Software receipts – as articulated in the latest Balance of Payments data compiled by the Reserve Bank of India – registered a decline of around 10 per cent in the quarter ended December 31, 2008 to $10.16 billion from $11.29 billion reported in the previous sequential quarter. However, on a year-on-year basis, it increased by 16 per cent from $8.75 billion.
Not just pricing pressure
A look at the third-quarter numbers of major IT companies indicates that most of them have recorded muted growth. The sequential decline is a function of price de-growth and volume de-growth, according to the CFO of a Bangalore-based IT services firm, who did not wish to be quoted, as the firm is in a silent period before the quarterly results. The official also added that a longer credit period has led to relatively lower collection in the third quarter.
However, the Chief Financial officer of one of India’s top five software companies is of the view that one cannot attribute the falling export revenues to pricing pressure alone. “In the December quarter, there was not much of pricing pressure. Most of it happened from January,” he said.

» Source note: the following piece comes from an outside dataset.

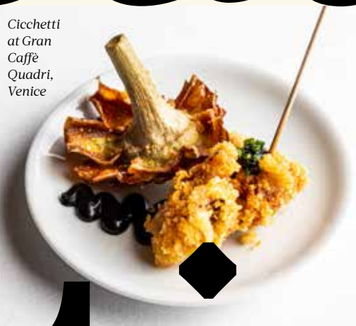
Cicchetti at Gran Caffè Quadri, Venice

There are others who blame it on the cross currency environment; while the dollar strengthened against the rupee in the third quarter, it weakened against other major currencies such as euro, pound sterling and Australian dollar.
Said Mr Som Mittal, President of Nasscom: “While there is an economic impact, the dip (in receipts) is also due to cross currency movement. If you see the results of companies in dollar terms, some large companies showed a sequential dip in revenue. Since we measure in dollars there is an impact due to cross currency.”
Dollar conversion
The RBI converts rupee-term revenue into dollar-term revenue and then publishes the Balance of Payment report. In the quarter ended September, the rupee stood at 43.7 to a dollar, while it stood at about 48.8 in the quarter ended December, an analyst from a Mumbai-based firm said.
Now, when the central bank converts rupee-term revenue to dollar-term revenue to publish the report, it has to divide the rupee-term revenue by the exchange rate to get the dollar-term revenue. If the exchange rate (the denominator) is higher, the dollar-term revenue will be less, the analyst said.
This could also be one of the reasons why the dollar-term revenue in the RBI Balance of Payment report has shown a sequential decline. (The exchange rate in the December quarter was higher as mentioned earlier).
While top tier firms have been impacted due to the economic recession, the ones facing the maximum brunt are the small and mid-size IT vendors, said Mr Diptarup Chakraborti, principal research analyst with research firm Gartner Inc.
As SMEs and mid-size companies have been badly hit, it tells on the industry growth rate as a whole.
“Small companies serve small or mid-size clients, who are the first ones to cut costs in a negative environment. Moreover, smaller IT firms have less negotiating power when it comes to reprising of contracts with customers,” he said.